Chafe is a great sail destroyer. For those who sail wing and wing downwind, you need to have chafe patches on your mainsail to protect it where it may rub against aft swept spreaders. On Exit Only, our cap shrouds were an obstacle to running wing and wing - you couldn't get the boom far out without the sail chafing against the cap shrouds. It would take large chafe patches to protect the mainsail against cap shroud chafe. Because of this problem, we rarely ran wing and wing. Instead we used a double headsail for running downwind, and we did not raise the main.

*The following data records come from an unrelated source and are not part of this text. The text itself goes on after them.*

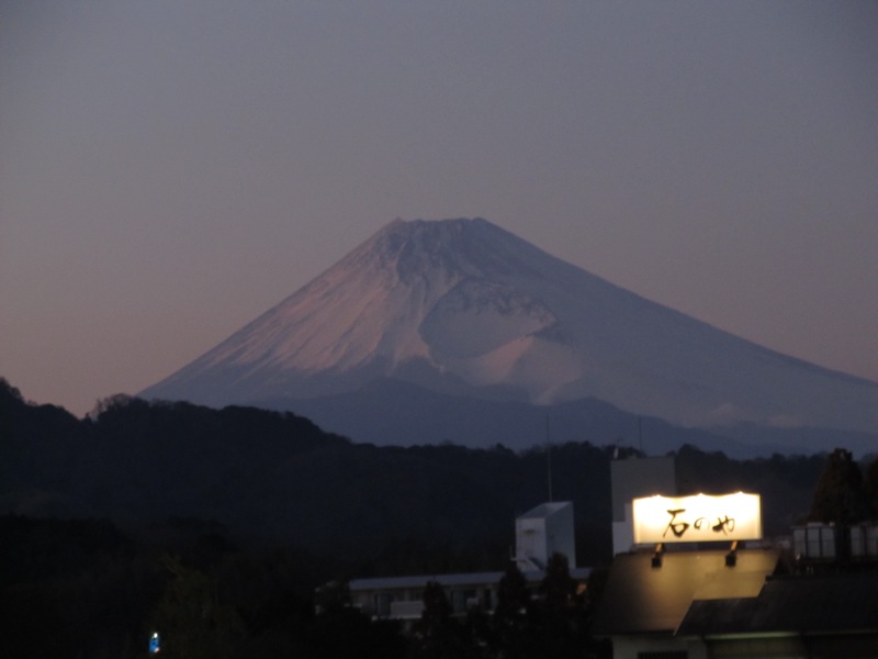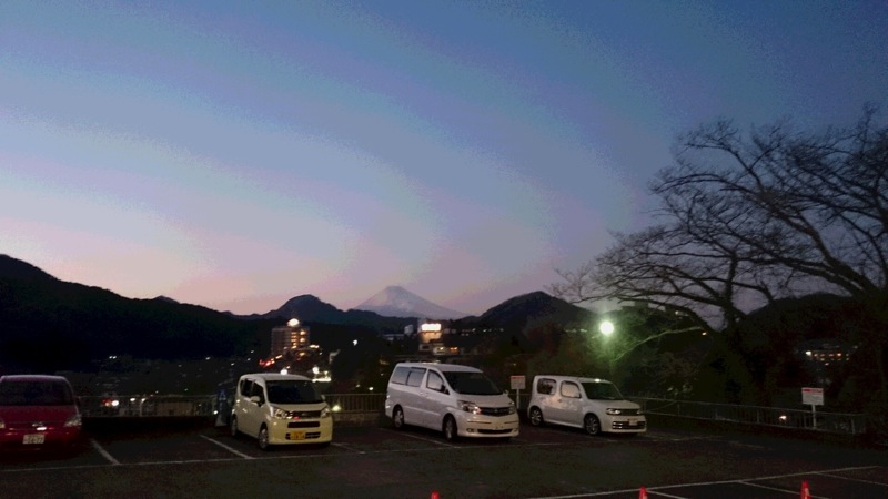 17時33分に伊豆長岡温泉のニュー八景園に到着しました。その玄関先から、富士山が最後の光で見えました。露天風呂に入ったときには残念ながら完全に夜の帳が下りてしまっていましたが。
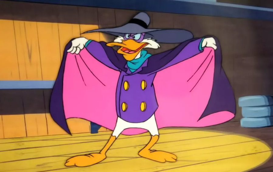 Мультсериал, повествующий о приключениях супергероя-селезня по прозвищу Чёрный Плащ. Только одно его появление заставляло нас улыбаться. Он ведет борьбу со злодеями, представляющими смертельную угрозу для города Сен-Канар. В этом нелёгком деле ему помогают горе-пилот и механик Зигзаг МакКряк и непоседливая Гусёна.
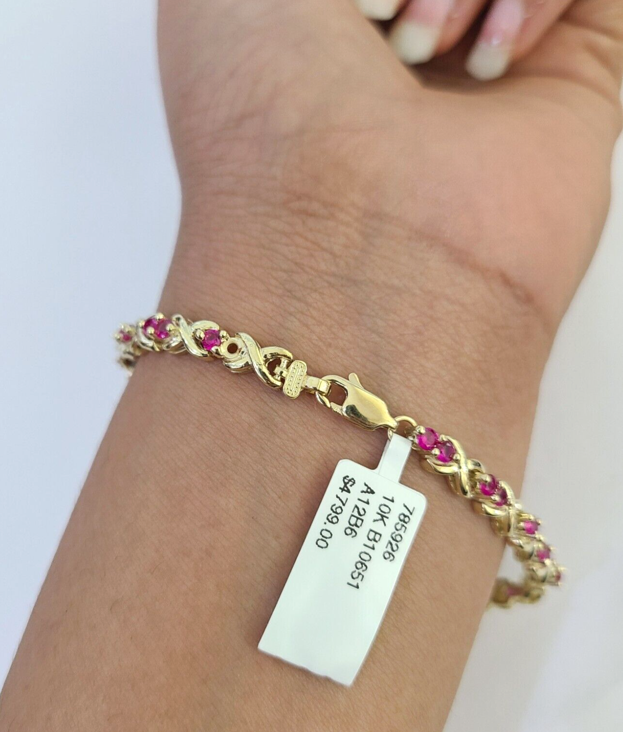 Is Presenting You with This Absolutely Stunning Real 10k Yellow Gold Pink Tennis Bracelet 4mm, 7.5 Inches, Lobster Lock. These Beautiful bracelets will not tarnish, discolor, or fade because they are Pure 10K Gold. We also have them in various another length. Please feel free to contact us if you have any queries regarding the item.
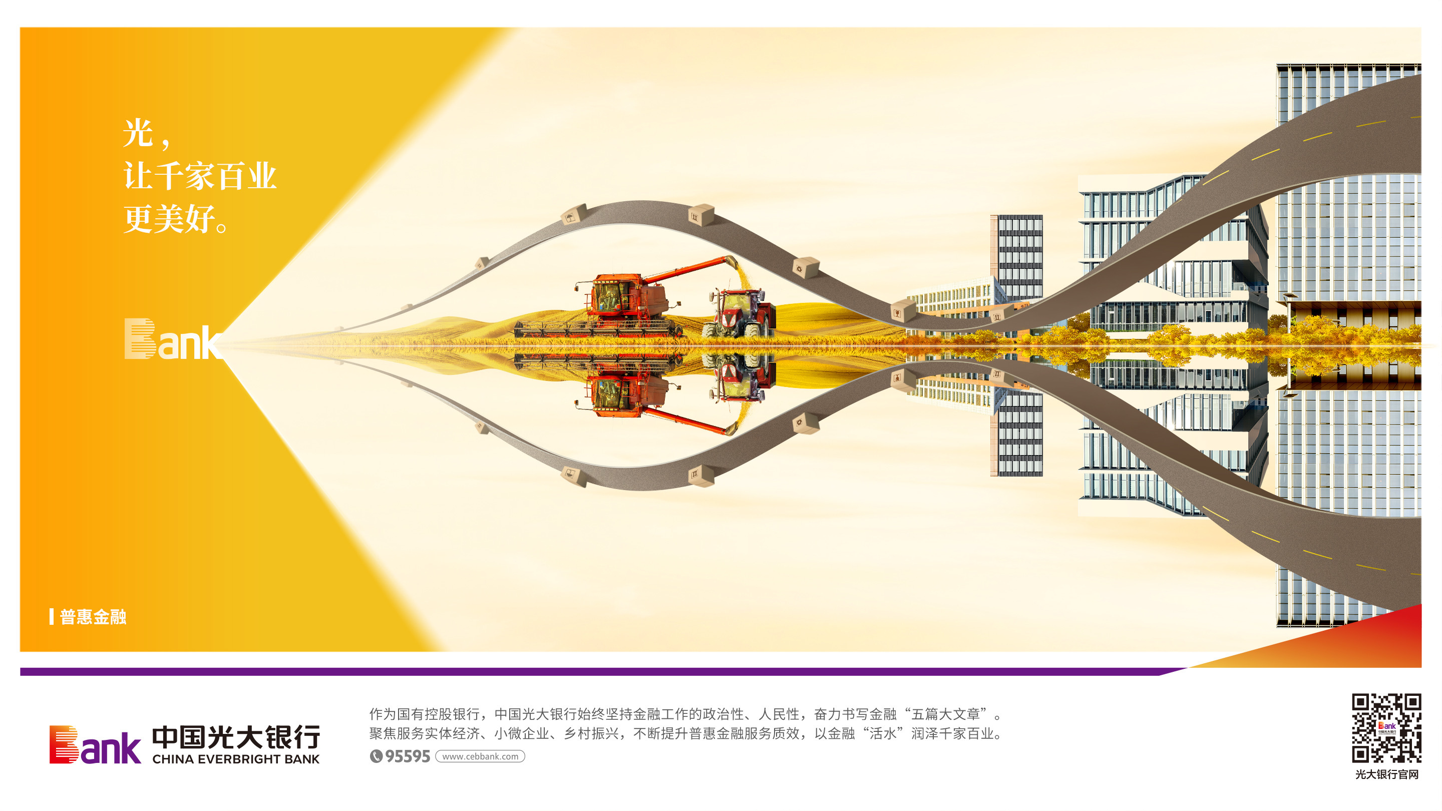中国光大银行从发展高光与自然晖光中汲取灵感,以「科技灰」「青山绿」「阳光黄」「晚霞赤」「数字蓝」的丰富色彩赋予「光大之光」,奋力书写「科技金融、绿色金融、普惠金融、养老金融、数字金融」五篇大文章,为实现建设金融强国的美好蓝图增光添彩。
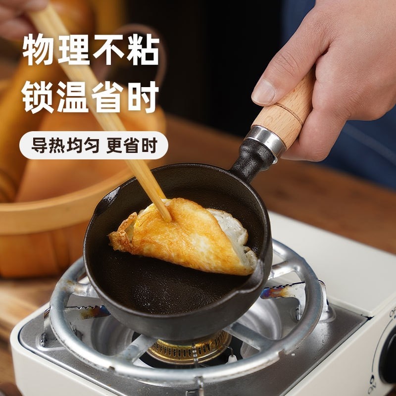 新款加深铸铁泼油锅迷你小锅淋油炝油热奶煎蛋锅不沾家用平底煎锅
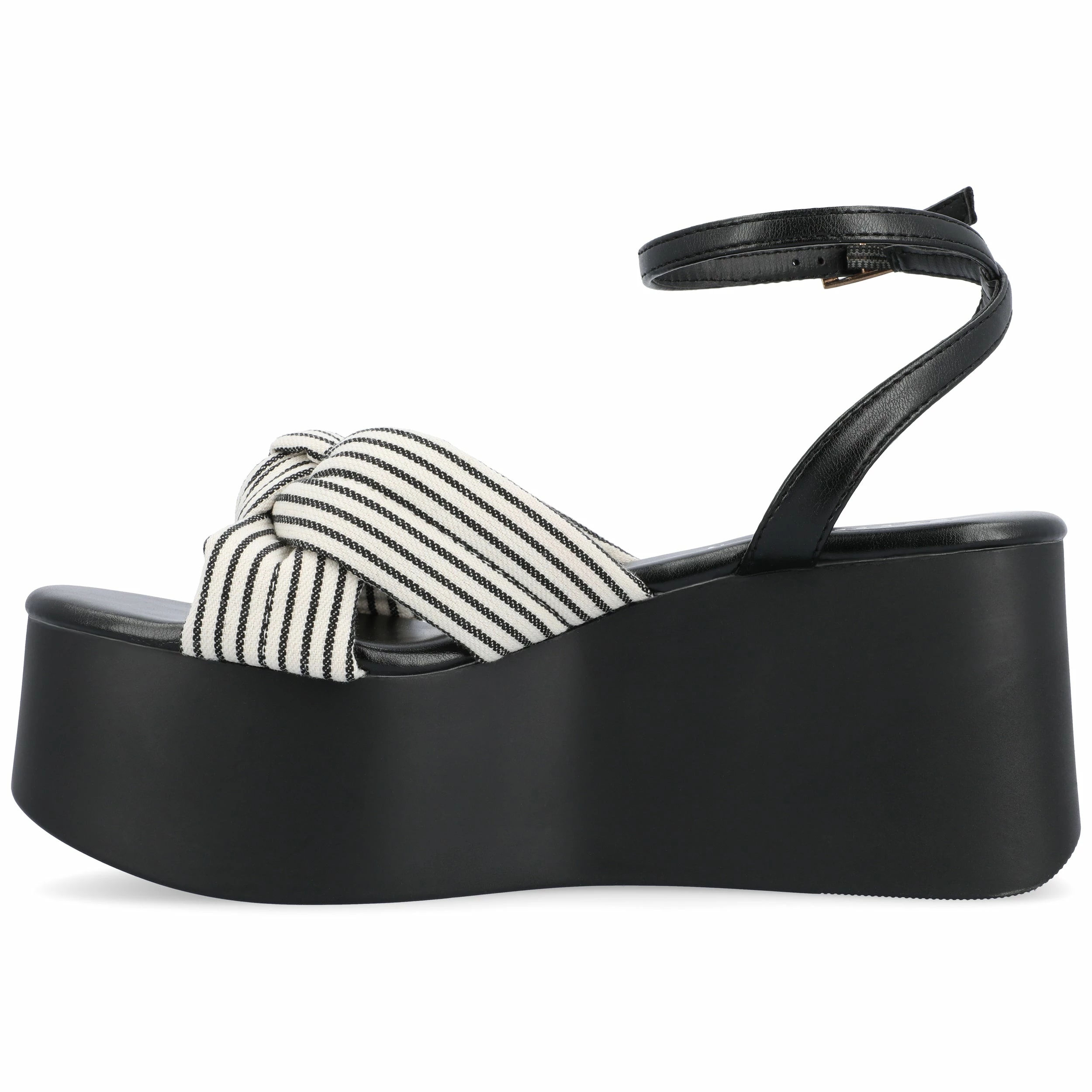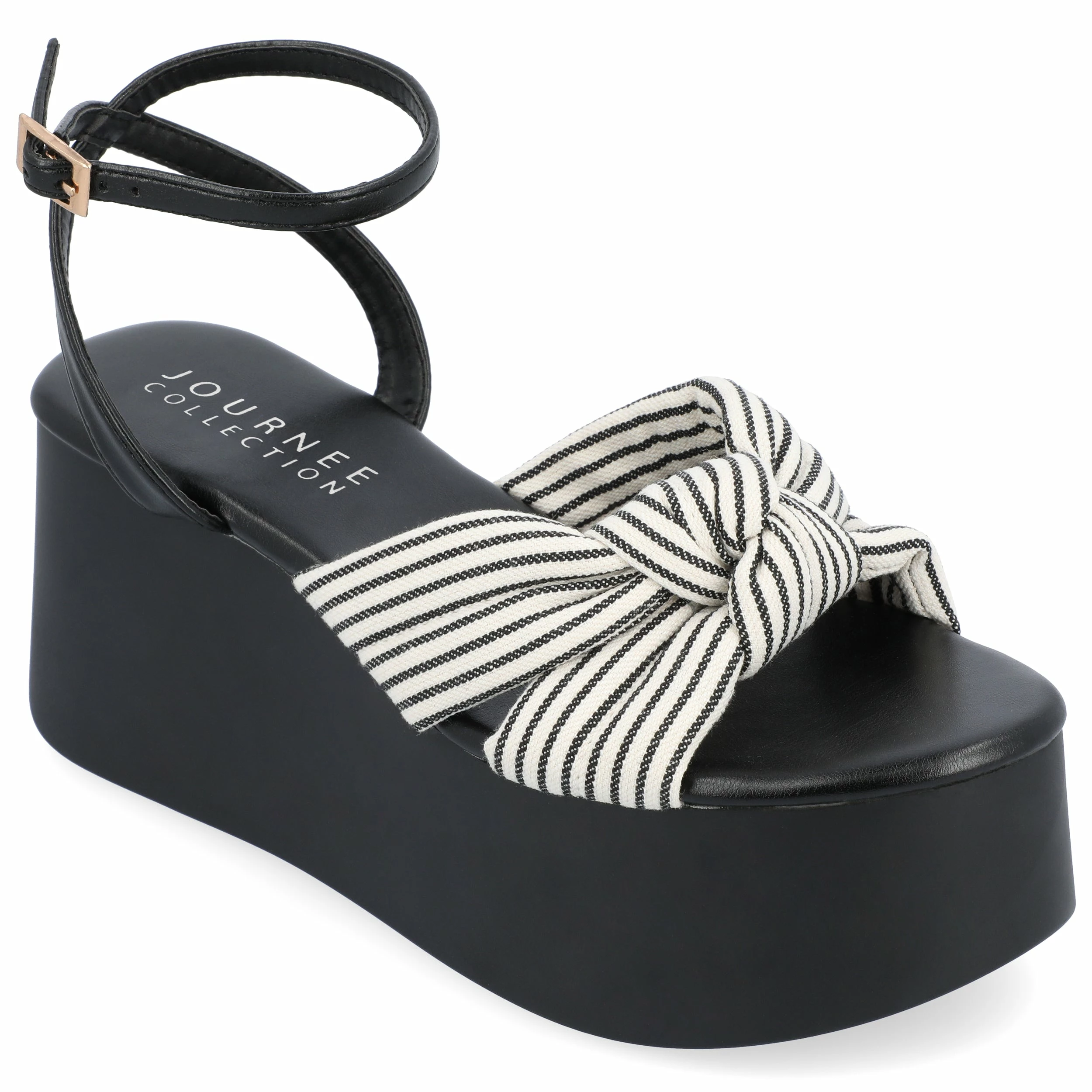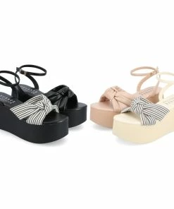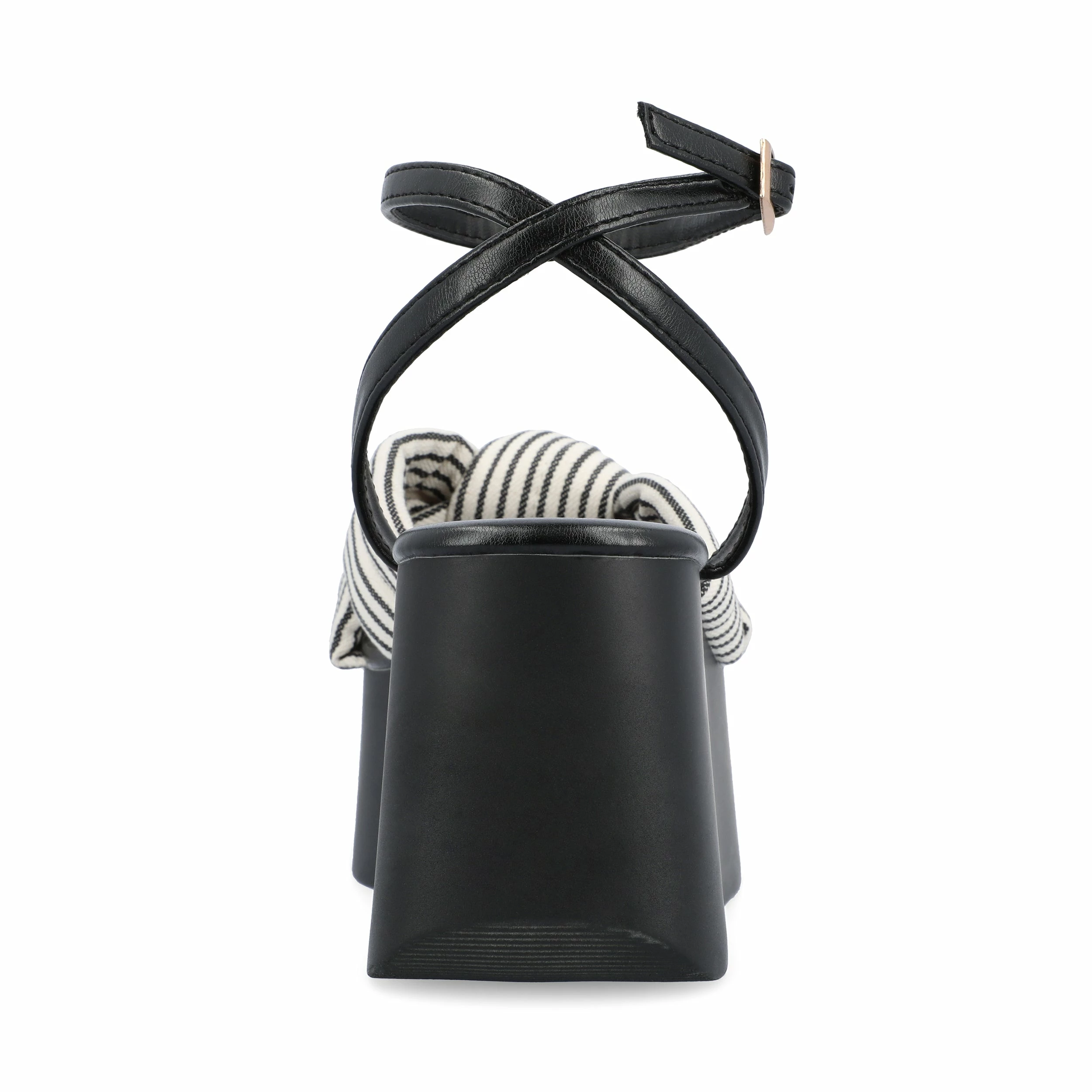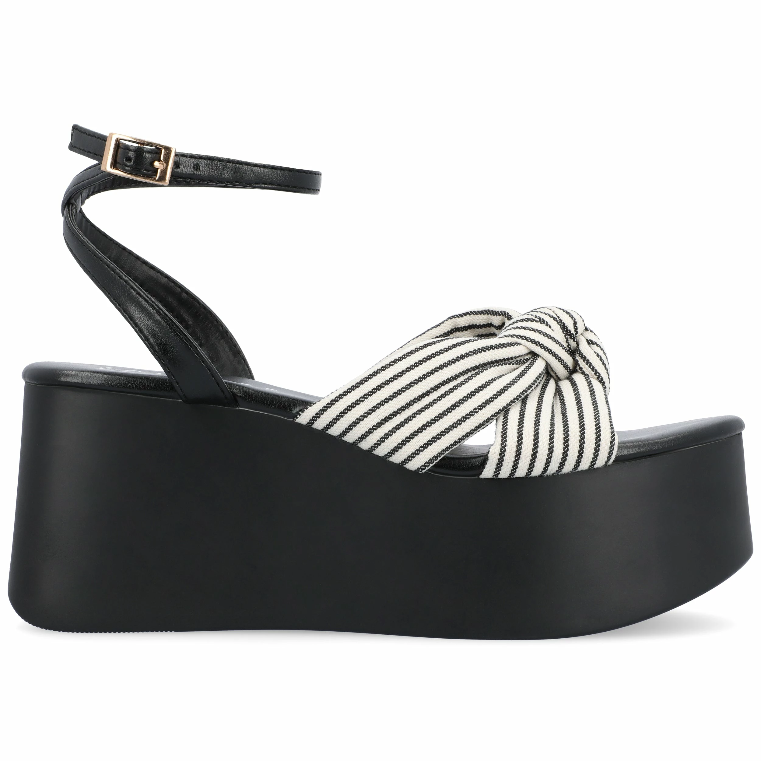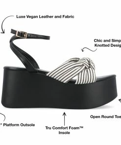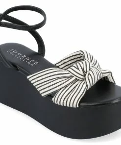 The platform heel and buckle accent on this summery style are sure to leave an impression.
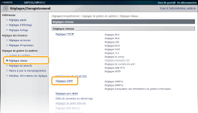 Grâce à SNMPv3, vous pouvez mettre en œuvre une gestion des périphériques réseau protégée par de puissantes fonctions de sécurité. Utilisez l'interface utilisateur distante pour effectuer les réglages après avoir activé le mode TLS (
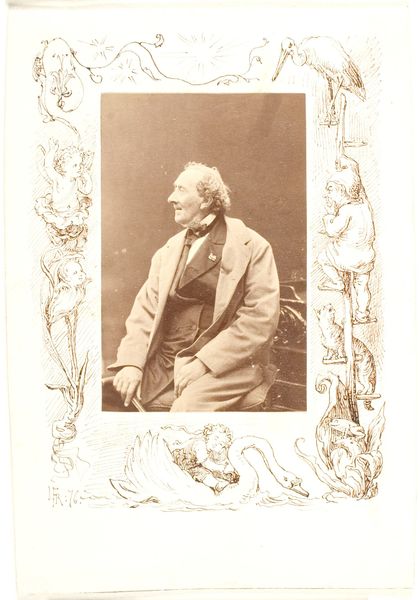 Editor: Here we have "Fotoreproductie van een geschilderd portret van Baron Brisse," a photographic reproduction of a painted portrait by Michel Berthaud, created sometime between 1876 and 1900. The triptych format really struck me; it almost feels like a religious icon, but with this very bourgeois gentleman at the center. What do you make of that? Curator: Indeed. The triptych is fascinating. It’s an inherently symbolic form, laden with historical weight, particularly in religious art. The portrait in the center immediately commands attention. Flanking him are what seem to be paintings depicting still life elements of what is probably hunted game and cultivated fruits. Editor: Yes, that contrast is really striking! The opulence on either side of this serious man in the middle... it's a little unsettling. Curator: The juxtaposition sets up a symbolic tension, doesn't it? Are these surrounding elements meant to represent his domain, his wealth, perhaps even virtues like providence or husbandry? The careful arrangement is a statement about status and values. Consider also the choice of photography to reproduce the painted portrait. What meanings does this technological intervention carry? Editor: That’s a good question. Photography democratizes art, right? Makes it more accessible… Curator: Potentially, yes. But what if it’s being used to enshrine this particular image, to lend it a different kind of permanence through a new medium? Editor: I see your point. It’s less about accessibility and more about amplifying the Baron's image and solidifying his legacy, perhaps? Curator: Precisely! It makes one wonder what he hoped this symbol would project into the future, and how our interpretation shifts with time and cultural context. Editor: I’d never considered how the medium itself could be part of the symbolic language. Thanks; that's given me a lot to think about! Curator: Likewise. These juxtapositions and repurposings of symbolic form reveal much about cultural values and individual aspirations across generations.
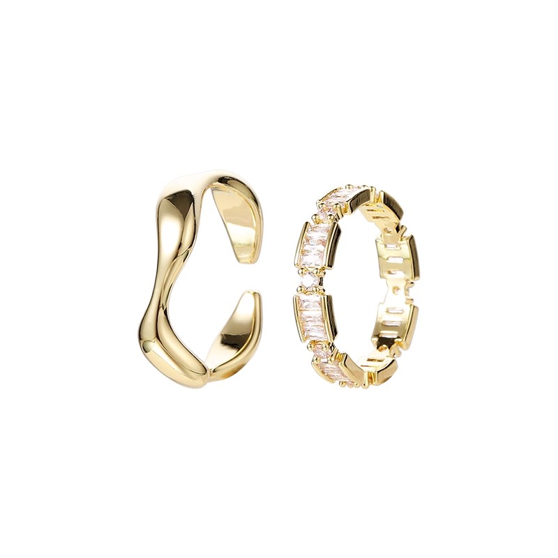 两件套轻奢金色戒指女款小众设计高级感食指女生指环开口对戒情侣
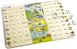 Larsen puzzle engleski 'U šumi' idealan je za djecu koja se žele naučiti sastavljati složenije engleske rečenice. Zahvaljujući slikama na rubu, uz koje pridružujete dijelove i stvarate rečenice, djeca se nenametljivo uključuju u učenje. Naprednija djeca tako mogu isprobati vlastite ideje i poboljšavati svoj engleski rječnik.

Chafe and blown out sails were never a problem on Exit Only. Dacron sail rot was our biggest enemy. After eleven years, our mainsail started to fall apart from rot. The stitching along the seams never was a problem. The dacron fabric itself began to disintegrate starting about 1 meter from the leach. That was the part of the sail that was continually exposed to ultraviolet radiation when the mainsail was uncovered and lying in the lazy jacks with the sail down. It's a fact of the cruising life, that the mainsail is often down for significant periods of time, and it's not appropriate or convenient to immediately place the sailcovers on the boom. The result is that the leach of the sail gets more UV light than the rest of the mainsail. After eleven years, the leach area began to disintegrate. Vertical slit like tears along the fabric weave began to emerge in the sail. I applied patches to cover the tear, and the dacron fabric would tear along the edge of the patch. I tried patching the tears with contact cement and new dacron, and when I rubbed the patch in place, a new tear would instantly appear adjacent to the patch. By the time we arrived in the Med on our eleven year
circumnavigation, the mainsail was finished.
The rest of the mainsail appeared strong.
In contrast, the genoas on board Exit Only survived without dacron rot. They had covers sewn along the leach so they didn't have ultraviolet exposure to the leach as much as the mainsail.
Probably if we had immediately covered the mainsail every time we dropped it, our mainsail would still alive and well. We probably would have gone crazy putting the mainsail cover on and off a bazillion times in 11 years.
A nine ounce dacron mainsail that lasts eleven years is good service for a sail on an
offshore catamaran. By that time, the sail material is stretched out as well, and most people would like to have a flatter mainsail unless they spent their time running downwind in the trades where it doesn't matter so much.
How long have your sails lasted before you had dacron rot?